_What is expected_.
Below is a listing from which only part is wanted; return exactly the lines from the one with "Rescuers evacuate stranded" up to and including the one with "Замечательное место, просто".

_Given data_.

* * * *

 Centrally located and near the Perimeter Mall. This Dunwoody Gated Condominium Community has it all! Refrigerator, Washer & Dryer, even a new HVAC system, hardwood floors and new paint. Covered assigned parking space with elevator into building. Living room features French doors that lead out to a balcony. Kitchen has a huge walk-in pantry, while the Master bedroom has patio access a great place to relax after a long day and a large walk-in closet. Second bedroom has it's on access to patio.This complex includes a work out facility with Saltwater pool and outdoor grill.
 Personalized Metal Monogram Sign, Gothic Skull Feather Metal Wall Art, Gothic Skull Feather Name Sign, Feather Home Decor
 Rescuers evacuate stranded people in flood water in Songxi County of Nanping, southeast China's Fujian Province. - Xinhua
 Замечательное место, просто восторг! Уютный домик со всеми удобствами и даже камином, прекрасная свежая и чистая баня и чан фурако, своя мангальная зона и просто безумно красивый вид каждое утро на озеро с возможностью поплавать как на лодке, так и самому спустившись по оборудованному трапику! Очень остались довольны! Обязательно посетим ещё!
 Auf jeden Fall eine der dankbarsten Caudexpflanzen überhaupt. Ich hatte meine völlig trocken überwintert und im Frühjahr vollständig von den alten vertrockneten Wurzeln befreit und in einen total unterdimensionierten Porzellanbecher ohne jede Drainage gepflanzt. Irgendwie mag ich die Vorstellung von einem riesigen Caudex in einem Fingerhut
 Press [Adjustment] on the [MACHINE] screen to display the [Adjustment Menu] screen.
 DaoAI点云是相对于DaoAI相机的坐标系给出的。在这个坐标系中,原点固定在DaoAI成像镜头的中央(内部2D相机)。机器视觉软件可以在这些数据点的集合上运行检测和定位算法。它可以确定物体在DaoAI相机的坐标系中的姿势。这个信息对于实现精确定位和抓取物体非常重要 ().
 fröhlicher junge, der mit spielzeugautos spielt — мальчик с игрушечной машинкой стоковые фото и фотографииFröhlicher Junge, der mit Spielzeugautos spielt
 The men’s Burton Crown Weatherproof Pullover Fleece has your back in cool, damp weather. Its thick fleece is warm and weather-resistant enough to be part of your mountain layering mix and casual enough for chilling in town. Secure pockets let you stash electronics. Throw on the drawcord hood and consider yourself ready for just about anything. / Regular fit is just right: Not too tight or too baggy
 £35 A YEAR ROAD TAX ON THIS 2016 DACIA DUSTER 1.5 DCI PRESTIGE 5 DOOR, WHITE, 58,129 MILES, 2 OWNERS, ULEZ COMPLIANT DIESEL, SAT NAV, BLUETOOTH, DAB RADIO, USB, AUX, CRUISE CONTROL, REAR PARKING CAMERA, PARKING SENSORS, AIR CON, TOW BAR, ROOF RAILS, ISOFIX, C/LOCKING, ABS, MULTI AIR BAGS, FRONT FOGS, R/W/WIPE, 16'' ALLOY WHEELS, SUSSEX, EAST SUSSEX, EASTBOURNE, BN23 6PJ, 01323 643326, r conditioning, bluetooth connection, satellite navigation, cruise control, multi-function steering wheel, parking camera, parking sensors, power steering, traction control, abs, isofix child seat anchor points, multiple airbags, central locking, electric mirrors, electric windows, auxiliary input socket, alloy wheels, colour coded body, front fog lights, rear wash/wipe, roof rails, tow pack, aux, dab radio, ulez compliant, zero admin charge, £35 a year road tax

* * * *

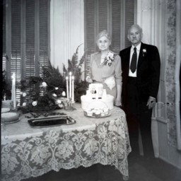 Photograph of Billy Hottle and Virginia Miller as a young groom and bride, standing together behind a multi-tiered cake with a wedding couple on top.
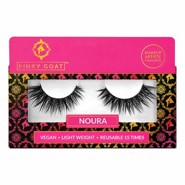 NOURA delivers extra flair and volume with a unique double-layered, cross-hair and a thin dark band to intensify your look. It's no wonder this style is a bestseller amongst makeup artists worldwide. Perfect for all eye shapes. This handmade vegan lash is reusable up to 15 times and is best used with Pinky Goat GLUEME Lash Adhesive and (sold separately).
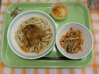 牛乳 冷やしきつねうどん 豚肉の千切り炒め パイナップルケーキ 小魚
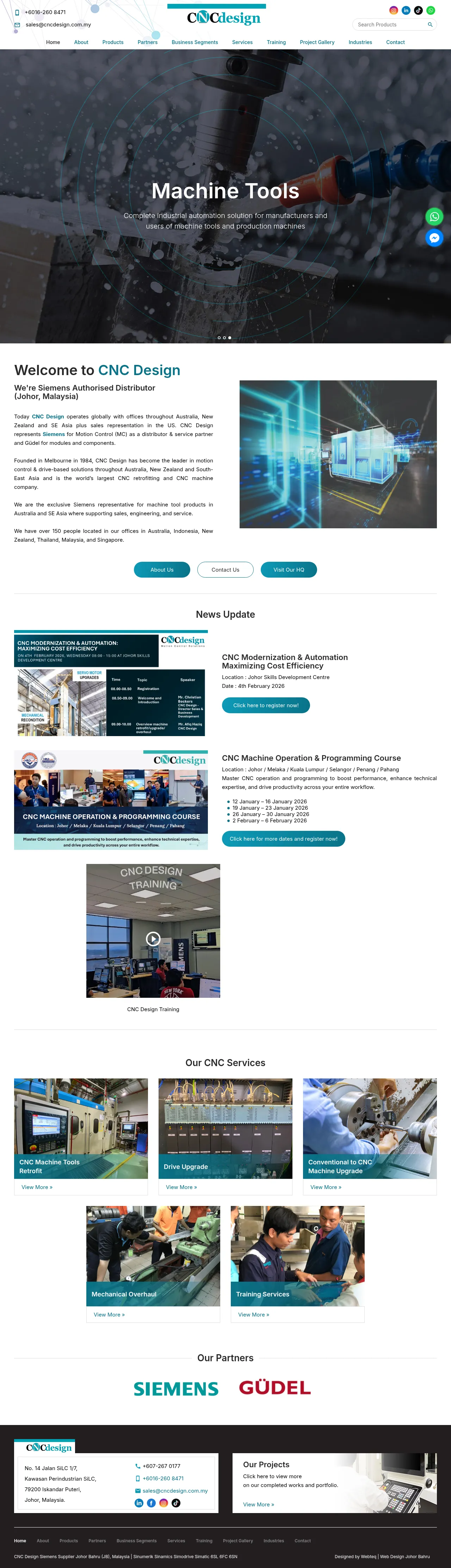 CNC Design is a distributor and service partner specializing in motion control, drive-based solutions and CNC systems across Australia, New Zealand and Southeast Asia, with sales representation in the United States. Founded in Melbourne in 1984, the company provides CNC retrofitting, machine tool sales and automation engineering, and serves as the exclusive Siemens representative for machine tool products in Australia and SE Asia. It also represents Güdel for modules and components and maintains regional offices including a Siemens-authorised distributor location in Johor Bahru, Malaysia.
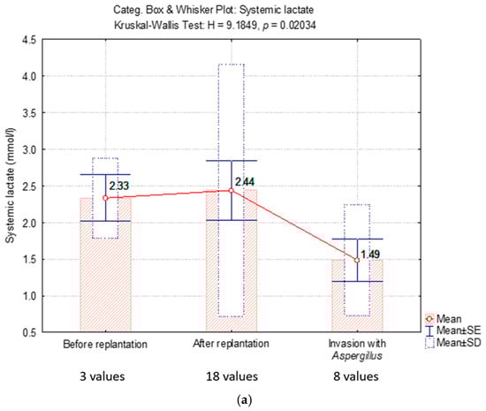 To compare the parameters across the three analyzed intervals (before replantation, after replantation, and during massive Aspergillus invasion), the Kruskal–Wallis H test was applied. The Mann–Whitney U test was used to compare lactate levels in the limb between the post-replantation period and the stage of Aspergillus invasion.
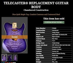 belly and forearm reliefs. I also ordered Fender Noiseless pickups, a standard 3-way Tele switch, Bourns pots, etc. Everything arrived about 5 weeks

* * * *

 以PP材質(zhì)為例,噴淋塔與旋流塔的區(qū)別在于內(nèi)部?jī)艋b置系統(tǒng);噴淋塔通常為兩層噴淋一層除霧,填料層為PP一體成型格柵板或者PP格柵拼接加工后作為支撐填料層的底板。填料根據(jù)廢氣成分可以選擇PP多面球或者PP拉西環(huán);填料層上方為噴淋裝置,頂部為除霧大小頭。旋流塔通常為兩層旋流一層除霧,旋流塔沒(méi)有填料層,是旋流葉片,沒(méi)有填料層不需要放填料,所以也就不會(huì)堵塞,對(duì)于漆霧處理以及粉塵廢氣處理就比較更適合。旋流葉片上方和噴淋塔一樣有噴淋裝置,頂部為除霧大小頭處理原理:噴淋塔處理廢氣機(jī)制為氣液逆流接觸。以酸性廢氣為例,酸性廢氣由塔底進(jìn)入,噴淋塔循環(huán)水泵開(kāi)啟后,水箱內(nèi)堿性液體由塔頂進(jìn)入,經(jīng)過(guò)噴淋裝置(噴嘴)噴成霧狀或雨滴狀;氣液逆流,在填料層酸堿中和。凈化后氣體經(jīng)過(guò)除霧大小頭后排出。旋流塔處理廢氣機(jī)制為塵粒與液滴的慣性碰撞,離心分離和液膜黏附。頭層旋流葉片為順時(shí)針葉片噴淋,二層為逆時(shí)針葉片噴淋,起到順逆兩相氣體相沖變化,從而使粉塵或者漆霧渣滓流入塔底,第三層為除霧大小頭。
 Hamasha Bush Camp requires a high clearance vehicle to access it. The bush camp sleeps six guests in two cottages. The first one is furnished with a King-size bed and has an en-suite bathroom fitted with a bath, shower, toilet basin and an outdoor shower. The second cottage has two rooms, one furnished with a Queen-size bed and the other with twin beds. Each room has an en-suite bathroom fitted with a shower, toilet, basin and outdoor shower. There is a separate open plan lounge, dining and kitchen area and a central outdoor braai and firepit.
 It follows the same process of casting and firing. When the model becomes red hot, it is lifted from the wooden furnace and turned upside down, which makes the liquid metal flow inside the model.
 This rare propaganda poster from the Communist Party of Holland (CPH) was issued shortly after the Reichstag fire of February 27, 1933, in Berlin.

* * * *

_Your solution_.
 Rescuers evacuate stranded people in flood water in Songxi County of Nanping, southeast China's Fujian Province. - Xinhua
 Замечательное место, просто восторг! Уютный домик со всеми удобствами и даже камином, прекрасная свежая и чистая баня и чан фурако, своя мангальная зона и просто безумно красивый вид каждое утро на озеро с возможностью поплавать как на лодке, так и самому спустившись по оборудованному трапику! Очень остались довольны! Обязательно посетим ещё!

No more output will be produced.